MATERIAL SUPPLIED -
:::

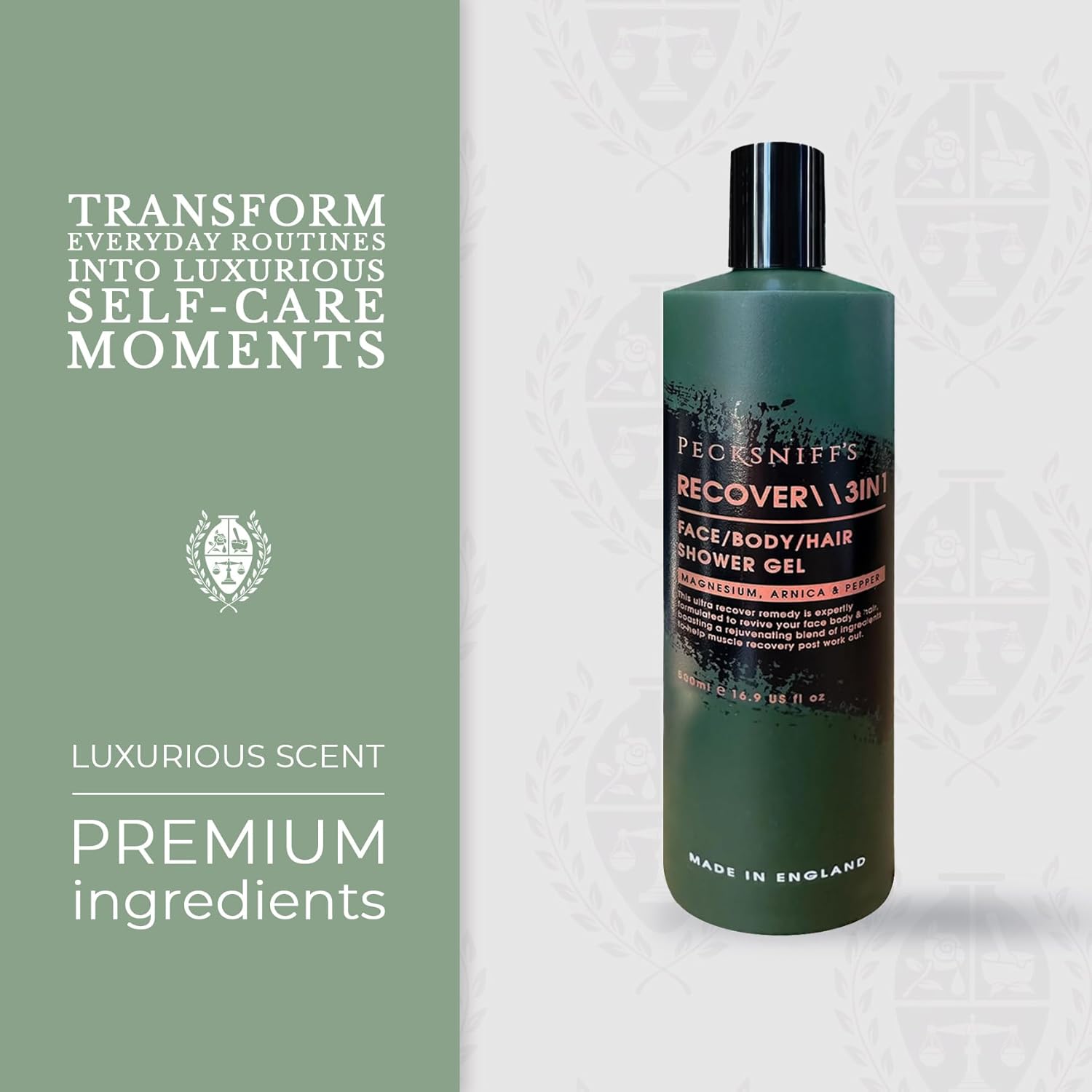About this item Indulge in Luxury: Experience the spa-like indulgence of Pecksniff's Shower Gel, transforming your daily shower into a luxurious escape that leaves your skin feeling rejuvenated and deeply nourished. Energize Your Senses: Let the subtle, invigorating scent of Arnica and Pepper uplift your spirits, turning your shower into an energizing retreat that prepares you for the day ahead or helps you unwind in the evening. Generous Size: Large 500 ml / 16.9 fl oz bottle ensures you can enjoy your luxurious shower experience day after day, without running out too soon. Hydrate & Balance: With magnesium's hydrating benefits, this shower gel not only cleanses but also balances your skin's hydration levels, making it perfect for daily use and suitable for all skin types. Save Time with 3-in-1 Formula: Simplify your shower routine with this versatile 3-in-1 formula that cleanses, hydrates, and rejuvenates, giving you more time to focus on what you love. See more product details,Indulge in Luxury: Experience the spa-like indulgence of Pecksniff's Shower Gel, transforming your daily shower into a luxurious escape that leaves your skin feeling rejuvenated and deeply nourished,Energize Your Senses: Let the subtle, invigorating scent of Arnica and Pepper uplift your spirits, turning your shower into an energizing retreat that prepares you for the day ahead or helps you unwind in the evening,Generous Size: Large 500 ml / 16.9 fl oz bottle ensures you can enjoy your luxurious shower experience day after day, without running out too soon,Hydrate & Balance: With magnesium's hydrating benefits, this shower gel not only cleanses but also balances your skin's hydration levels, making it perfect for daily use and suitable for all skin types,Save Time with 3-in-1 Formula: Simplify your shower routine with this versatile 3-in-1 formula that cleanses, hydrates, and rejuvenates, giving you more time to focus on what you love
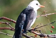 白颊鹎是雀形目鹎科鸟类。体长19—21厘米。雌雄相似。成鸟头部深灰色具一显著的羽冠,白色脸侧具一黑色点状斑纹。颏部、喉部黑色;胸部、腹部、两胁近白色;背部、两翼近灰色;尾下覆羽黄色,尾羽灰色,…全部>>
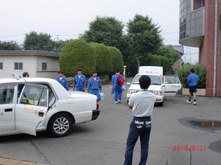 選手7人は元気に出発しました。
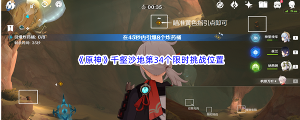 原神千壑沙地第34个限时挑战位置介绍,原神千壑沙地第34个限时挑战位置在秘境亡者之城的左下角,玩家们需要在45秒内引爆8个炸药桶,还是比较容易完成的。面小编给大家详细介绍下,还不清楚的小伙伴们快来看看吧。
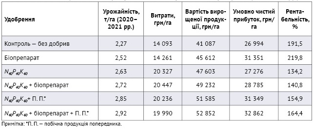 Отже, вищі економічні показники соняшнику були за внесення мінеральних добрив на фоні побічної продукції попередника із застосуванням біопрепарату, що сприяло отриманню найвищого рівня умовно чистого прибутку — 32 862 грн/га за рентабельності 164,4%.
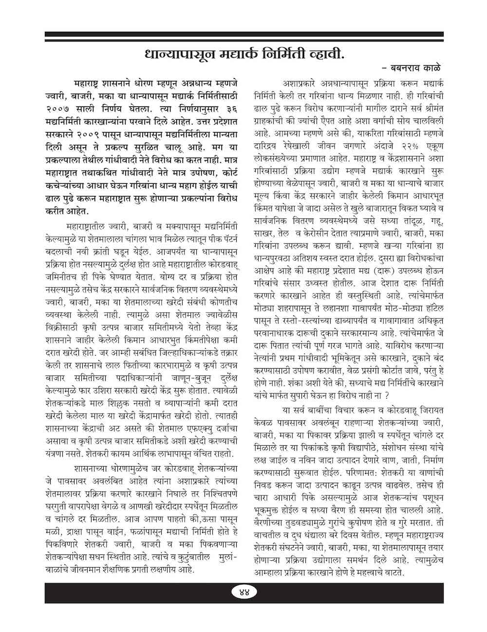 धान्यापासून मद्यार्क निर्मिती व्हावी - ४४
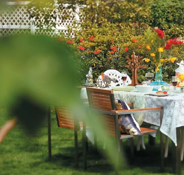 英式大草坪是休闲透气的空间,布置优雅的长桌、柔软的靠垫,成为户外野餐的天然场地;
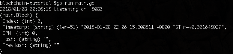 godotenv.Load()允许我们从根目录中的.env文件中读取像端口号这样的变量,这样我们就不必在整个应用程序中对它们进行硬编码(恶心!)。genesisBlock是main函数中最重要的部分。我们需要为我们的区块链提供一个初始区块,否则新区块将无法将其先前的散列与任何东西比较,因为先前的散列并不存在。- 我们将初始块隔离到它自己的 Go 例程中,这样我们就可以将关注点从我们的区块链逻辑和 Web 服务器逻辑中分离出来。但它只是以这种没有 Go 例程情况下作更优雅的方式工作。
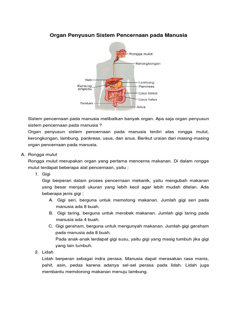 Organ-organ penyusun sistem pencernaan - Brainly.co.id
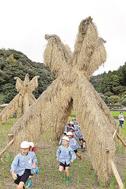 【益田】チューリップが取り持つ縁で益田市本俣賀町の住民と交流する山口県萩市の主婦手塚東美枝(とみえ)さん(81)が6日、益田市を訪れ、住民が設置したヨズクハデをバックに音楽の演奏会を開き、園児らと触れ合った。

:::

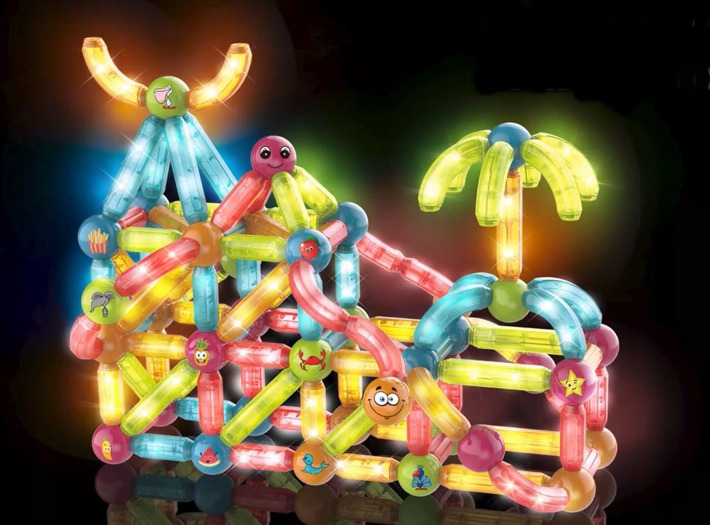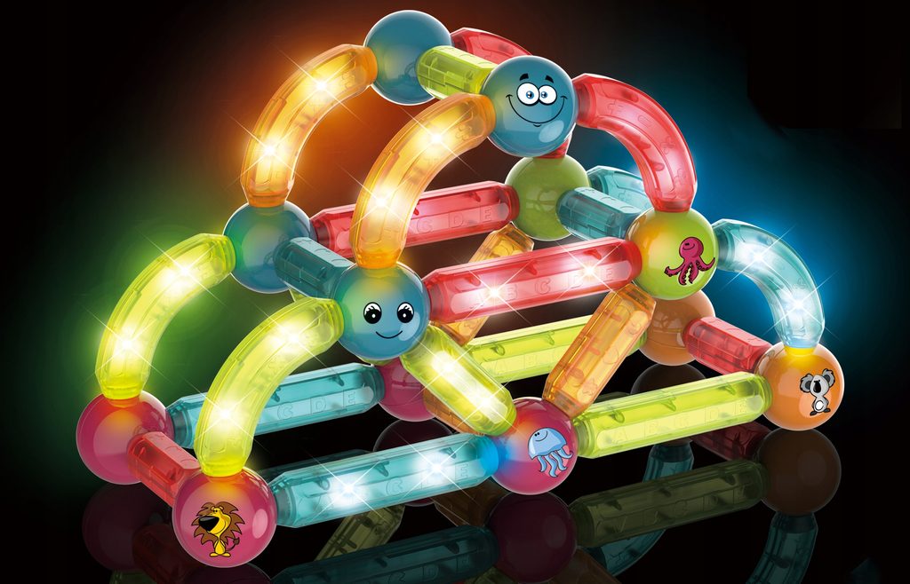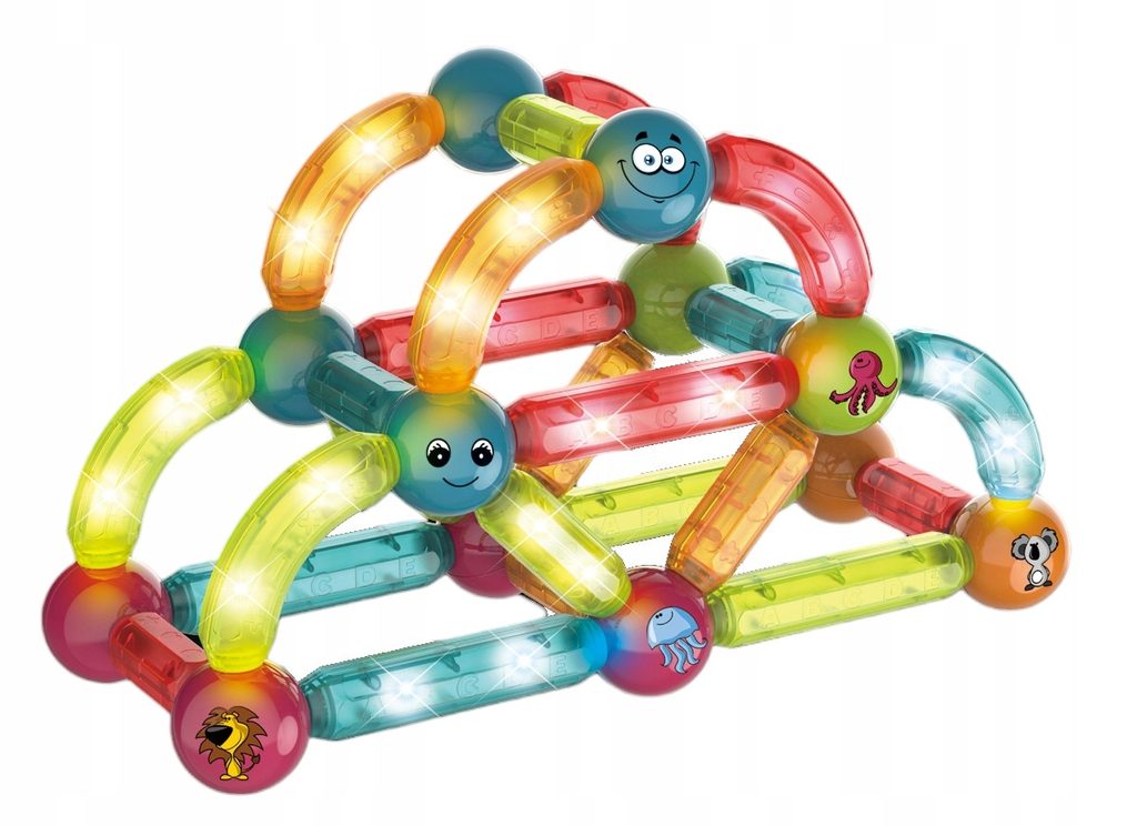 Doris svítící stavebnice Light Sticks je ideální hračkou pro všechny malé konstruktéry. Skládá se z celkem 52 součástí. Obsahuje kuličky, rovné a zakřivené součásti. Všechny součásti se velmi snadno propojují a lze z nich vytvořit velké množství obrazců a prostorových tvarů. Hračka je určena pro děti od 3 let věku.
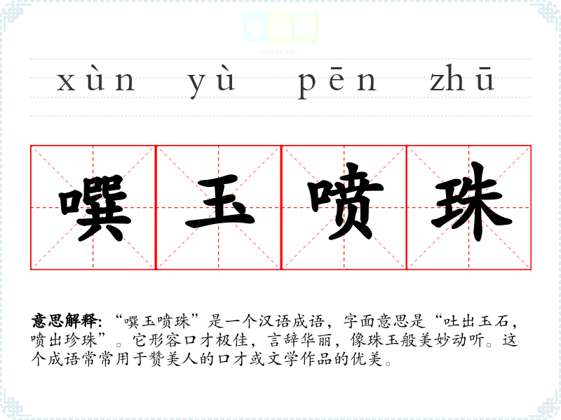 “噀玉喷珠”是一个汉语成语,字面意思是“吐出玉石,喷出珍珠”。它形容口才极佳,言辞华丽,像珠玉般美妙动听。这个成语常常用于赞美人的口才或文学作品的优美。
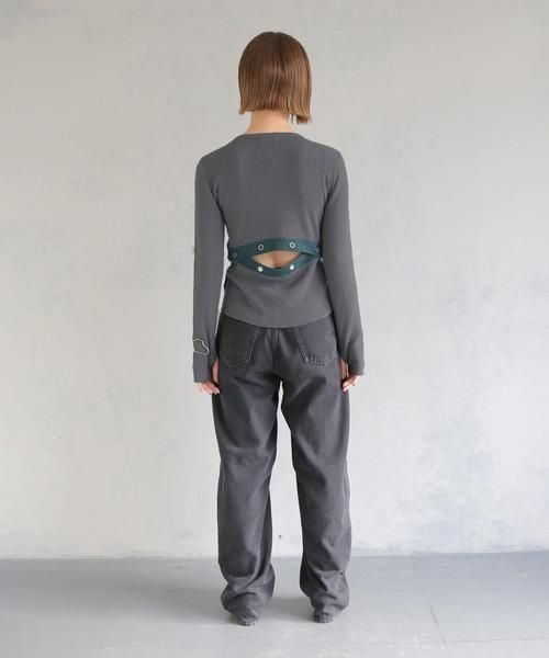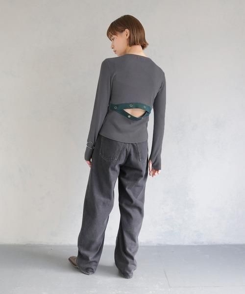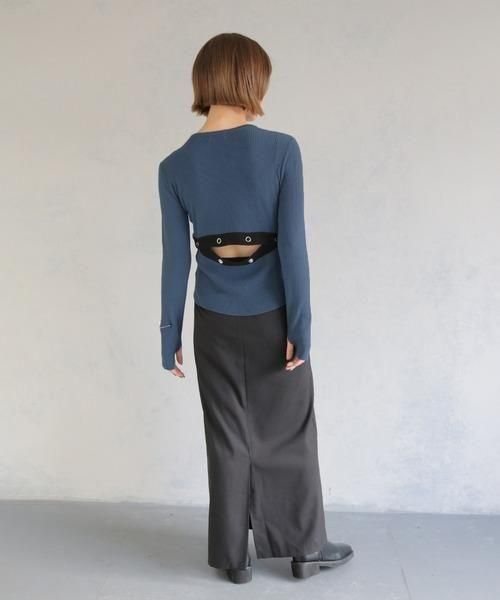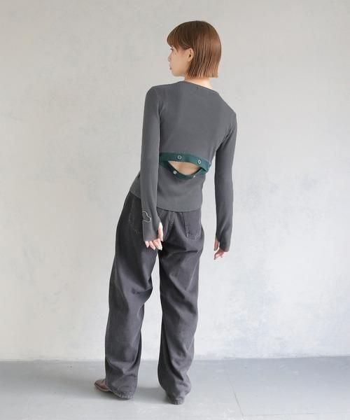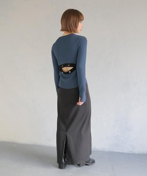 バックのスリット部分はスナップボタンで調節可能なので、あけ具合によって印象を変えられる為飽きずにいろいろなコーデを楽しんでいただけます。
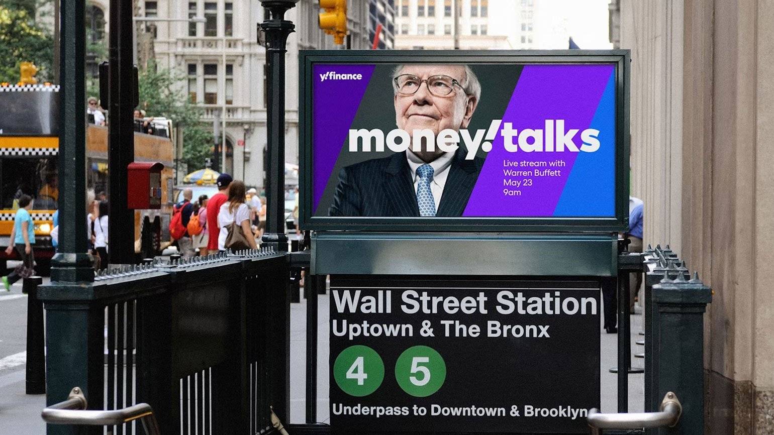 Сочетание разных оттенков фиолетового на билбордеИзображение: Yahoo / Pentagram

:::

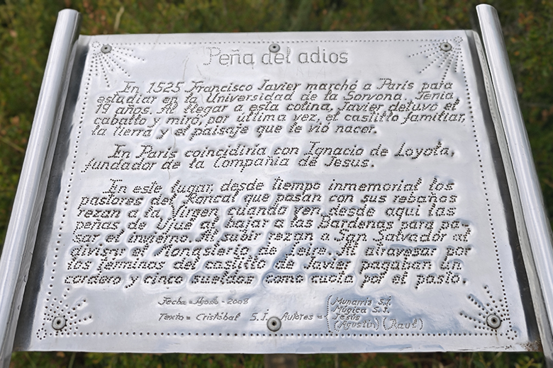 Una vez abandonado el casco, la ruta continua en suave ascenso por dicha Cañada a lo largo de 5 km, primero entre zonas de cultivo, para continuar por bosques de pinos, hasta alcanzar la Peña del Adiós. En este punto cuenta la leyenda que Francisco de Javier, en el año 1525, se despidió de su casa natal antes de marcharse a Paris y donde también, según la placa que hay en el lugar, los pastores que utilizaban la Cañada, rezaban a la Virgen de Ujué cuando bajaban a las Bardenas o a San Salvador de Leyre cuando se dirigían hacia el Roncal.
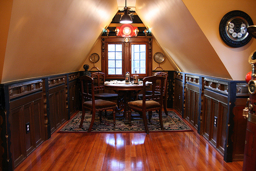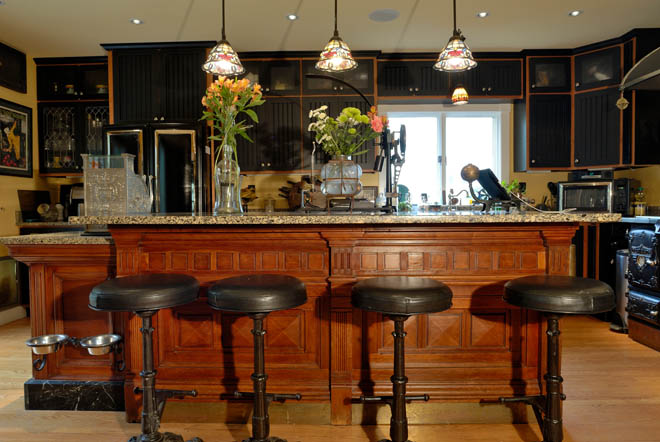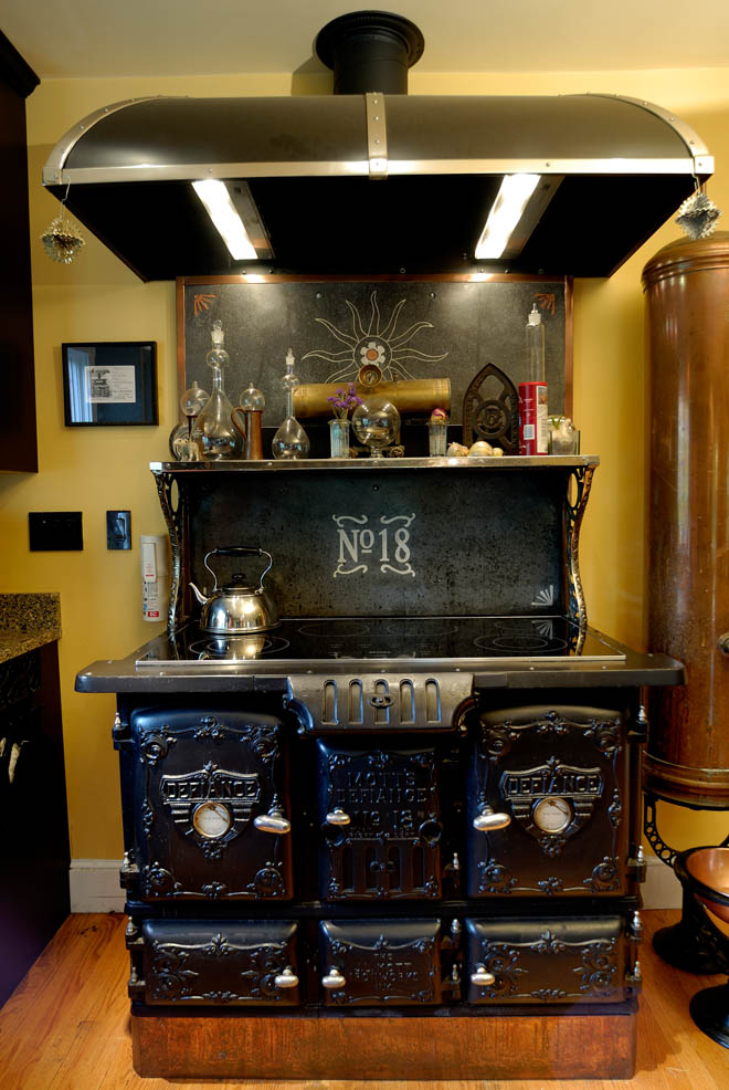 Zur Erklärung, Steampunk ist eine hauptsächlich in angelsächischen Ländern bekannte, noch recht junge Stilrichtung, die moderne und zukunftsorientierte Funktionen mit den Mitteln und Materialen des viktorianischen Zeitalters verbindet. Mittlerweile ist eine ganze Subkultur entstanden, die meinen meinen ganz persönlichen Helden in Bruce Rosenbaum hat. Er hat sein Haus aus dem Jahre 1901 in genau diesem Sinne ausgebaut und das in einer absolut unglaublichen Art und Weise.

:::

WORK INSTRUCTION - All lines above from the one containing "Отже, вищі економічні" up to and including the one containing "英式大草坪是休闲透气的空间,布置优雅的长" are to be set down exactly, and nothing else. Leave images out.

EXERCISE ANSWER -
 Отже, вищі економічні показники соняшнику були за внесення мінеральних добрив на фоні побічної продукції попередника із застосуванням біопрепарату, що сприяло отриманню найвищого рівня умовно чистого прибутку — 32 862 грн/га за рентабельності 164,4%.
 धान्यापासून मद्यार्क निर्मिती व्हावी - ४४
 英式大草坪是休闲透气的空间,布置优雅的长桌、柔软的靠垫,成为户外野餐的天然场地;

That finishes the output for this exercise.